New Fraud Alert from NCUA — Vishing!

[October 2008]—The NCUA has warned numerous times about "phishing" scams in which crooks send e-mails claiming to be from legitimate financial institutions, companies, or government agencies asking consumers to "verify" or "re-submit" confidential information such as bank account and credit card numbers, Social Security Numbers, passwords, and personal identification numbers. A variant on that approach using telephone systems, vishing, is increasingly being used to obtain this information from unwary consumers.

Consumers are becoming more aware that an e-mail they receive containing a link or other contact information could be malicious in nature. So criminals are moving away from primarily using email as a method to gain confidential information to using methods victims are more familiar with, like calling a number.

In essence, vishing is the criminal practice of using social engineering and Voice over Internet Protocol (VoIP) telephony to gain access to private personal and financial information from the public for the purpose of financial reward. The term vishing is a combination of "voice" and phishing. Vishing exploits the public’s trust in landline telephone services, which have traditionally terminated in physical locations, are known to the telephone company, and are associated with a bill-payer. The victim is often unaware that VoIP allows for caller ID spoofing thus providing anonymity for the criminal caller. Vishing is attractive to criminals because VoIP service is fairly inexpensive, especially for long distance, making it cheap to make fake calls. In addition, because it’s web-based, criminals can use software programs to create phony automated customer call center service lines.
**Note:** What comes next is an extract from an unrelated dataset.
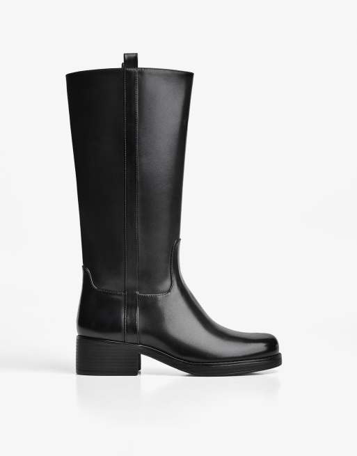 Bershka - Platte kniehoge laarzen in zwart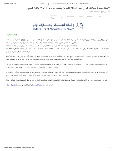 6/20/25, 8:08 AM ﺞﯾﻠﺧﻟا ضﺑﻧ - ”ﻊﯾﻣﺟﻠﻟ ﺔﺿﺎﯾرﻟا"و ةرازوﻟا نﯾﺑ نوﺎﻌﺗﻟﺎﺑ ﺔﯾرﺎﺟﺗﻟا زﻛارﻣﻟا لﺧاد يرﺟﻟا تﺎﻗﺎﺑﺳﻟ ةردﺎﺑﻣ قﻼطإ

An example of a vishing scam is when a consumer receives a recorded message telling them that their credit card and/or financial institution account has been breached and to immediately call a number provided in the recorded message. The phone number provided in the message leads the consumer to a “fraudulent call center” established by the perpetrator of the fraud. The perpetrator then attempts to obtain confidential account information and login credentials in order to access the account. A twist on this scam is when the recorded message provides the address of a fraudulent website for the consumer to access (instead of a telephone number) and to provide certain information to reinstate the supposedly affected account(s).

Vishing is very hard for authorities to monitor or trace. To protect themselves, consumers are advised to be highly suspicious when receiving messages (telephone, email, or otherwise) directing them to call and provide personal, confidential, and/or account related information. Rather than provide any information, the consumer should contact their financial institution or credit card company directly to verify the validity of the message using contact information they already have in their possession (i.e., do not use contact information provided in the suspicious message).
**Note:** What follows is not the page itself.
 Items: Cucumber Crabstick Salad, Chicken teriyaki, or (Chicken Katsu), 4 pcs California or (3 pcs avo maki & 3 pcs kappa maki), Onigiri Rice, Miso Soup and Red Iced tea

NCUA will continue to follow this issue and provide you with additional information as warranted.

New Fraud Alert from NCUA - Text Messages

[October 2008]—Beware of unsolicited text messages sent to your cell phone urging you to call the number provided for information about account discrepancies. The goal of these messages is to obtain your personal information for fraudulent purposes. Remember, you should never give out any information in response to any unsolicited e-mail, phone call or text message.

NCUA will continue to follow these issues and provide you with additional information as warranted.